Neural Magic Solutions

Neural Magic, established in 2018 by MIT professor Nir Shavit and research scientist Alex Matveev, is a Series-A company specializing in AI model optimization and accelerated inference serving. Headquartered in Somerville, MA, the company focuses on enabling enterprise deployment of open-source machine learning models across edge, datacenter, and cloud environments.

Company Overview

Neural Magic is a pioneering AI software company focused on optimizing and accelerating machine learning models for efficient deployment across various computing environments, including cloud, data centers, and edge devices.
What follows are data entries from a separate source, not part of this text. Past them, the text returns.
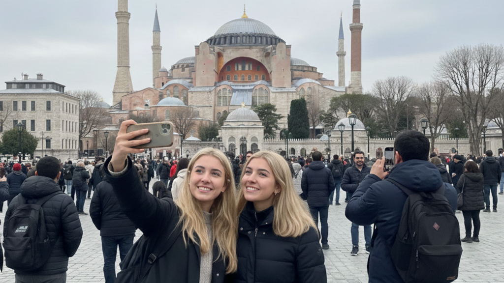 İstanbul’un bu eşsiz güzelliğini kendi kareleriyle ölümsüzleştirenler, şehrin her daim sunduğu sıcak karşılamaya eşlik ediyor. Etraftaki diğer ziyaretçiler de Ayasofya’nın […]
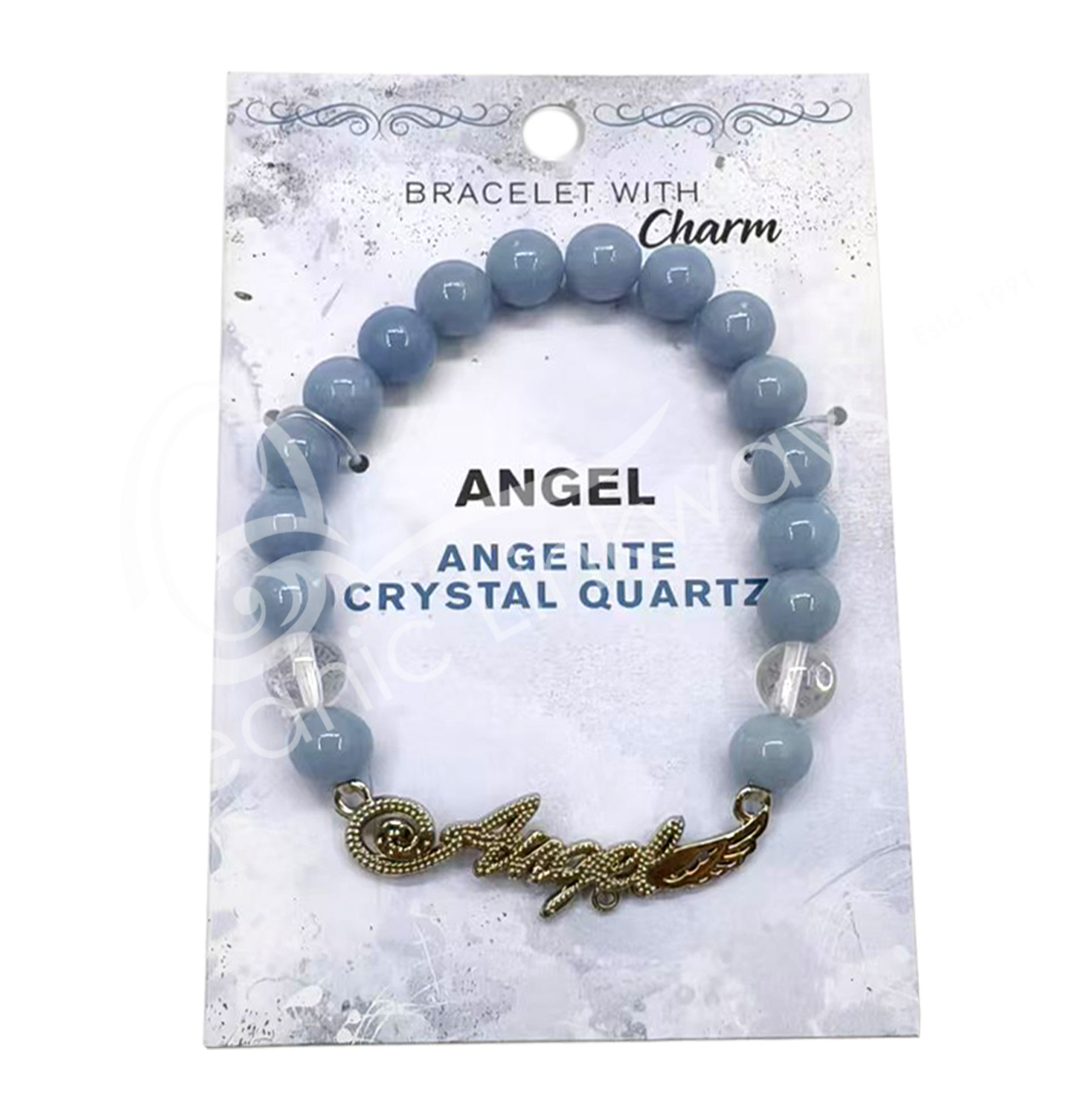 BRACELET – CRYSTAL QUARTZ & ANGELITE ANGEL WING (8-8.5 MM) 7.15-7.25″
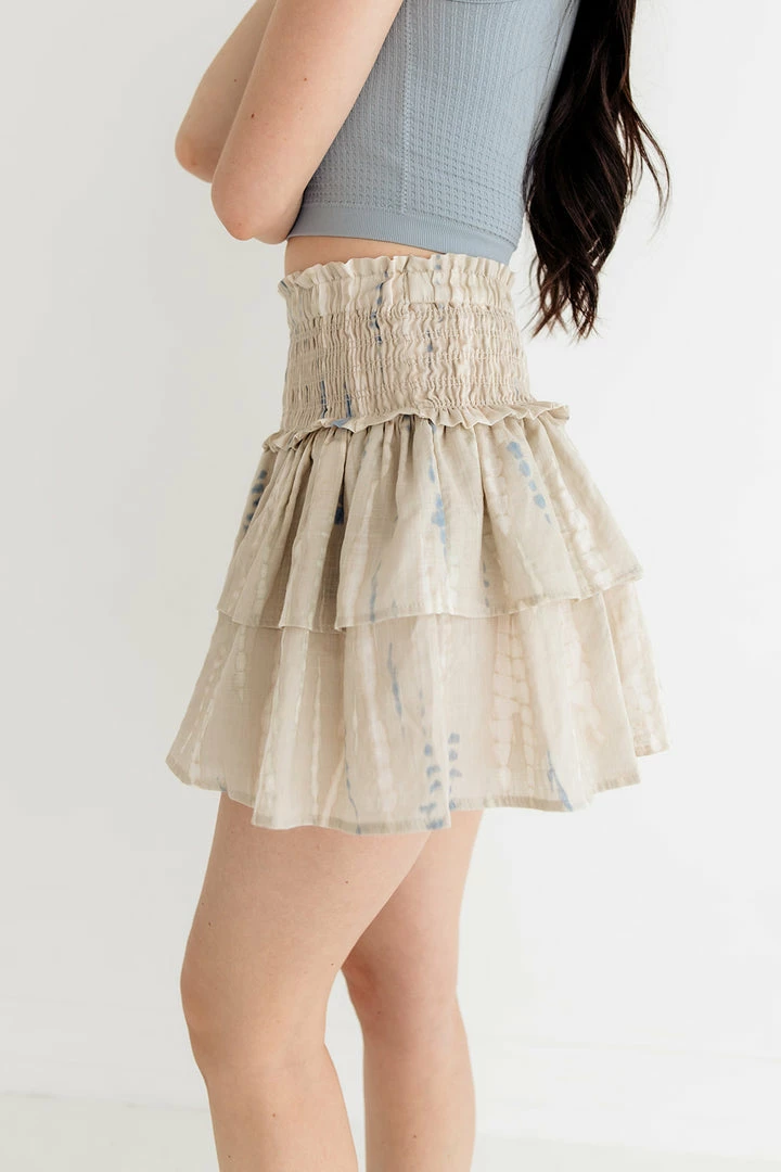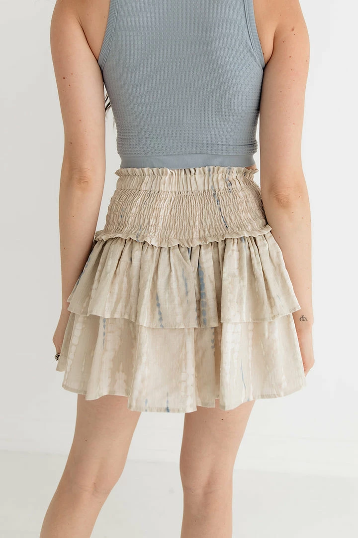 Turn heads in this floral top or skirt! You can wear this how ever you’d like! Our RNellie Tie Dye Smocked Ruffle Skirt Or Tube Top features tie dye in blue, grey, and a hint of white with a smocked waist and a ruffle tiered body.

Their core innovations involve sparsification, quantization, and efficient inference serving, allowing AI models to run smoothly on standard CPUs and GPUs without sacrificing performance.

Neural Magic Product Suite

DeepSparse: High-Performance AI Inference on CPUs

DeepSparse is Neural Magic’s inference engine that maximizes CPU efficiency for AI workloads. It leverages sparsification and quantization to accelerate model inference without specialized hardware.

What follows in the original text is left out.